◆ WHAT YOU ARE ASKED TO DO ◆
Transcribe every line of the material below without change, apart from dropping the pictures.

◆ SOURCE DATA ◆

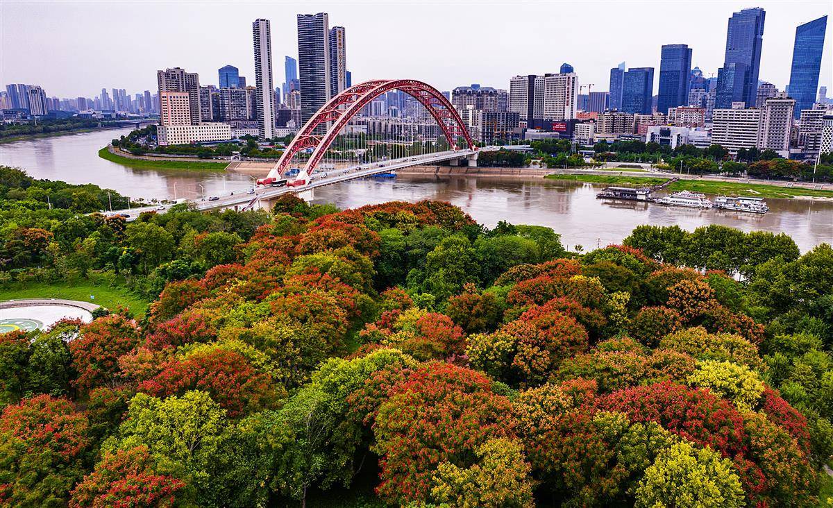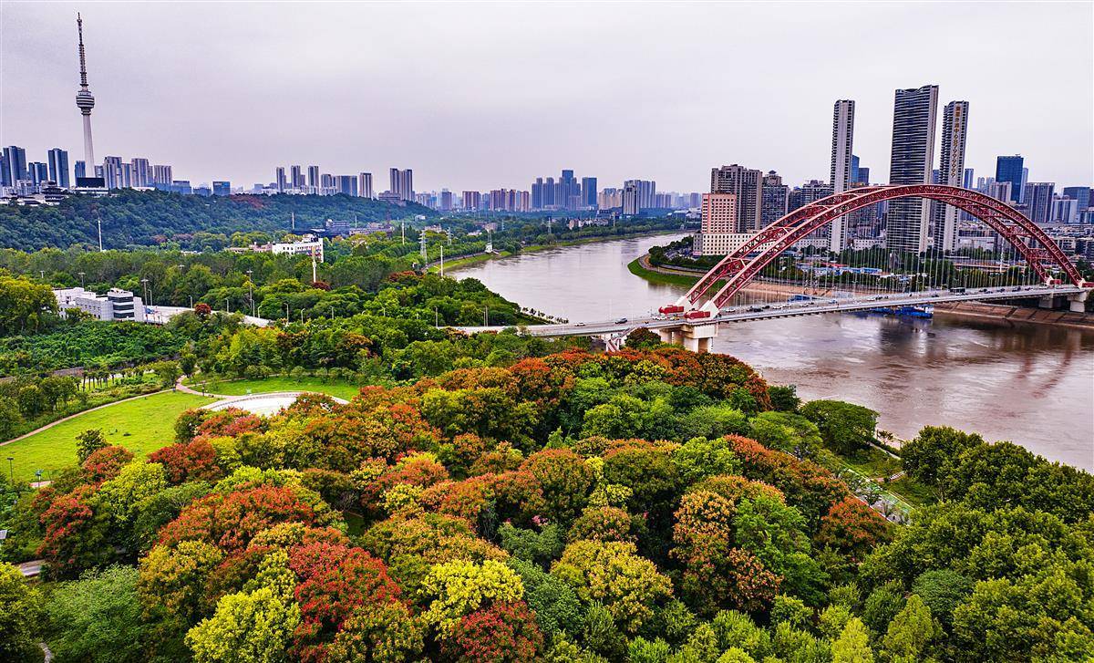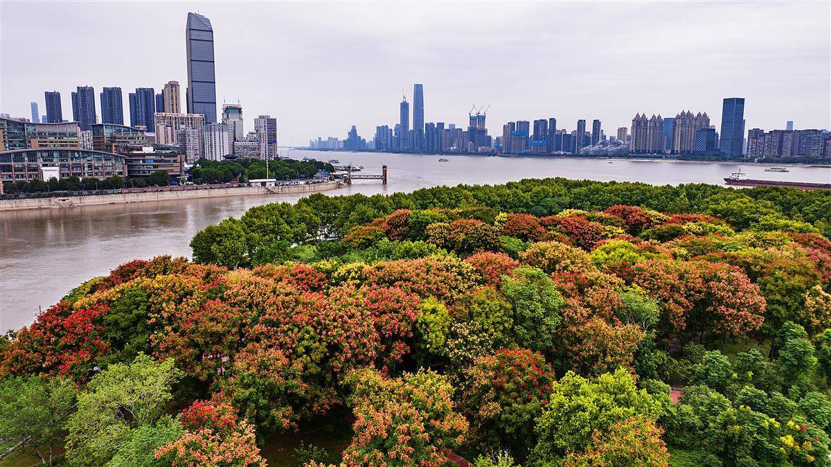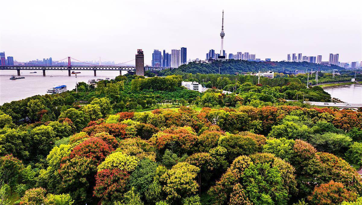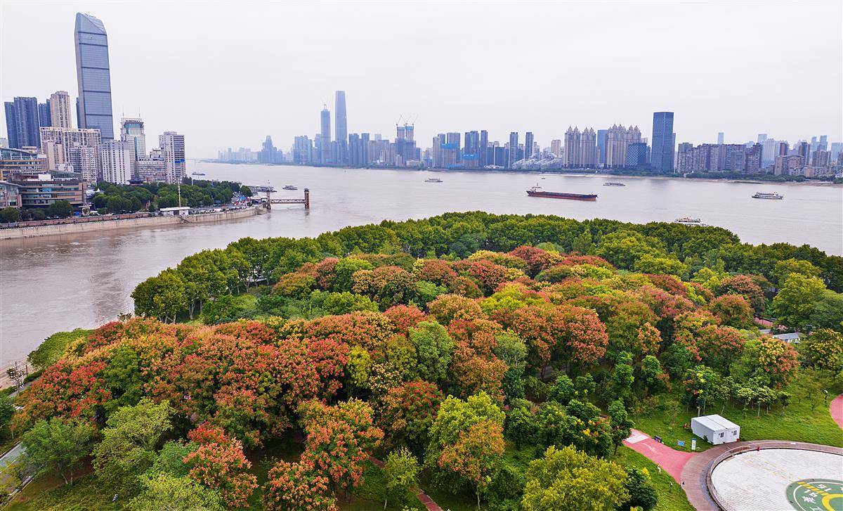 9月30日,鸟瞰武汉南岸嘴滨江公园,栾树的绿叶、黄花、红果,三种色彩交织在一起,仿佛打翻了秋天的调色盘。被称为武汉“城市之心”的南岸嘴,是长江和汉江交汇处形成的冲积地带。目前的“城市之心”因栾树的花果“由绿到彩”的渐变。金秋时节,遍布武汉的栾树便会上演一场色彩交织的秋日大剧。(湖北日报全媒记者 朱熙勇 摄)
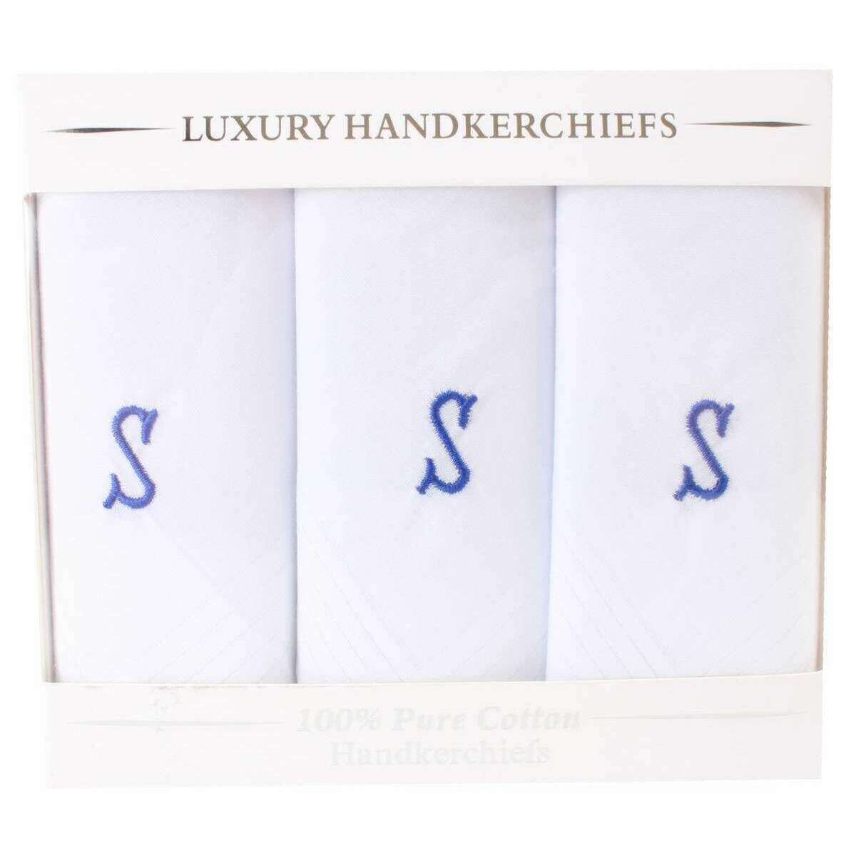 This s initial 3 pack handkerchief for men is fashioned by the brand David Van Hagen in a white colour and is made from 100% pure cotton. It measures 40cm(height) x 40cm(width). Also the white/blue handkerchief is designed in a plain pattern, It is recommended to machine wash at 40 degrees and do not tumble dry or dry clean to keep this handkerchief in good condition. 3 pack handkerchiefs are value for money ensuring they are a good buy, All the handkerchiefs come complete in a presentation box. The David Van Hagen S Initial 3 Pack Handkerchief - White/Blue would make the perfect and meaningful personalised gift for a special gentleman. These are needed for all occasions and will become a handy accessory and a staple for every day. The embroidered letter on the front adds a simple yet classic look with a touch of personality. Crafted from high-quality pure cotton ensures durability that is also highly absorbent and has a luxurious and soft feel.
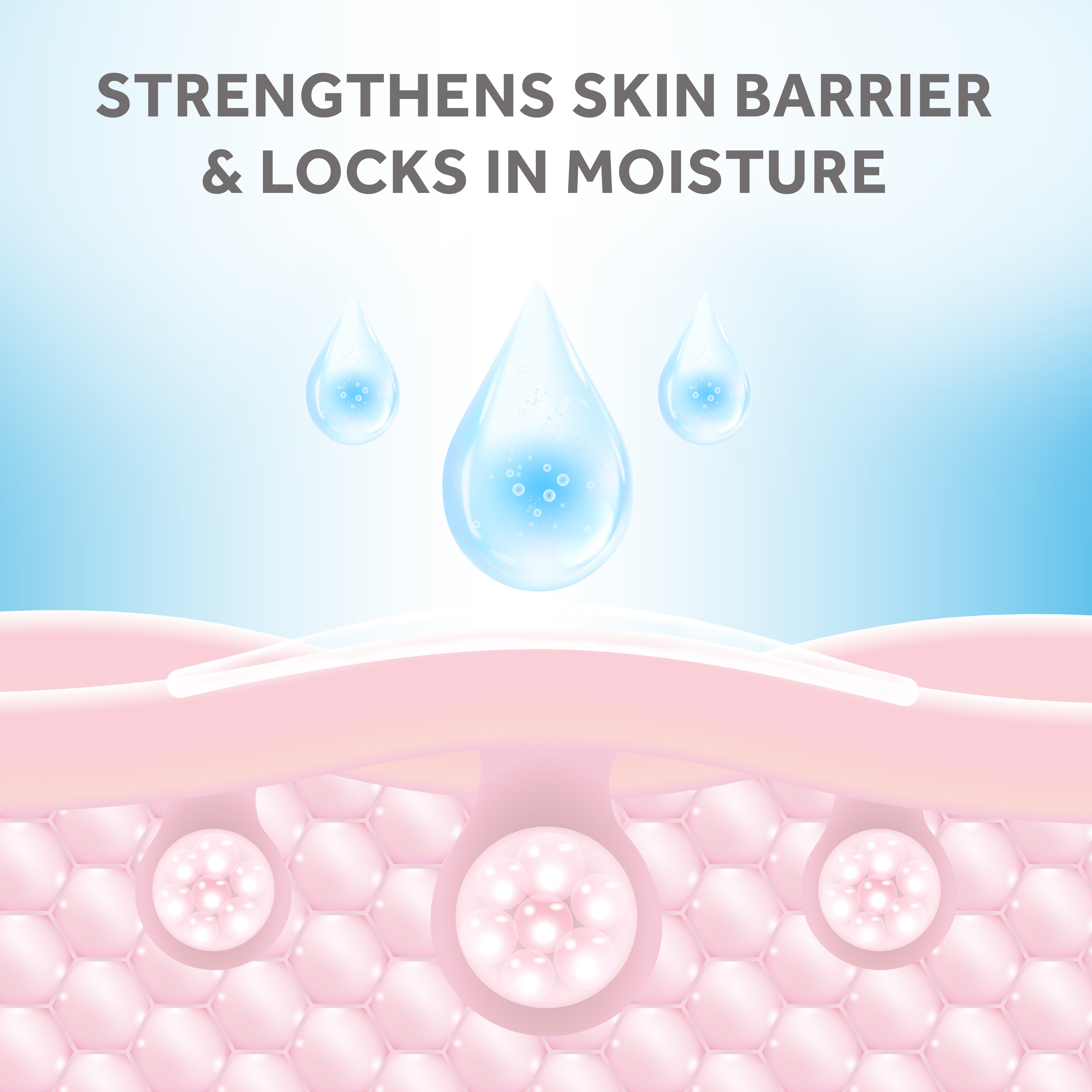 Infused with hyaluronic acid, panthenol, and Ceramide NP to restore moisture and strengthen the skin barrier.

◆ SOLUTION TO THE EXERCISE ◆
 9月30日,鸟瞰武汉南岸嘴滨江公园,栾树的绿叶、黄花、红果,三种色彩交织在一起,仿佛打翻了秋天的调色盘。被称为武汉“城市之心”的南岸嘴,是长江和汉江交汇处形成的冲积地带。目前的“城市之心”因栾树的花果“由绿到彩”的渐变。金秋时节,遍布武汉的栾树便会上演一场色彩交织的秋日大剧。(湖北日报全媒记者 朱熙勇 摄)
 This s initial 3 pack handkerchief for men is fashioned by the brand David Van Hagen in a white colour and is made from 100% pure cotton. It measures 40cm(height) x 40cm(width). Also the white/blue handkerchief is designed in a plain pattern, It is recommended to machine wash at 40 degrees and do not tumble dry or dry clean to keep this handkerchief in good condition. 3 pack handkerchiefs are value for money ensuring they are a good buy, All the handkerchiefs come complete in a presentation box. The David Van Hagen S Initial 3 Pack Handkerchief - White/Blue would make the perfect and meaningful personalised gift for a special gentleman. These are needed for all occasions and will become a handy accessory and a staple for every day. The embroidered letter on the front adds a simple yet classic look with a touch of personality. Crafted from high-quality pure cotton ensures durability that is also highly absorbent and has a luxurious and soft feel.
 Infused with hyaluronic acid, panthenol, and Ceramide NP to restore moisture and strengthen the skin barrier.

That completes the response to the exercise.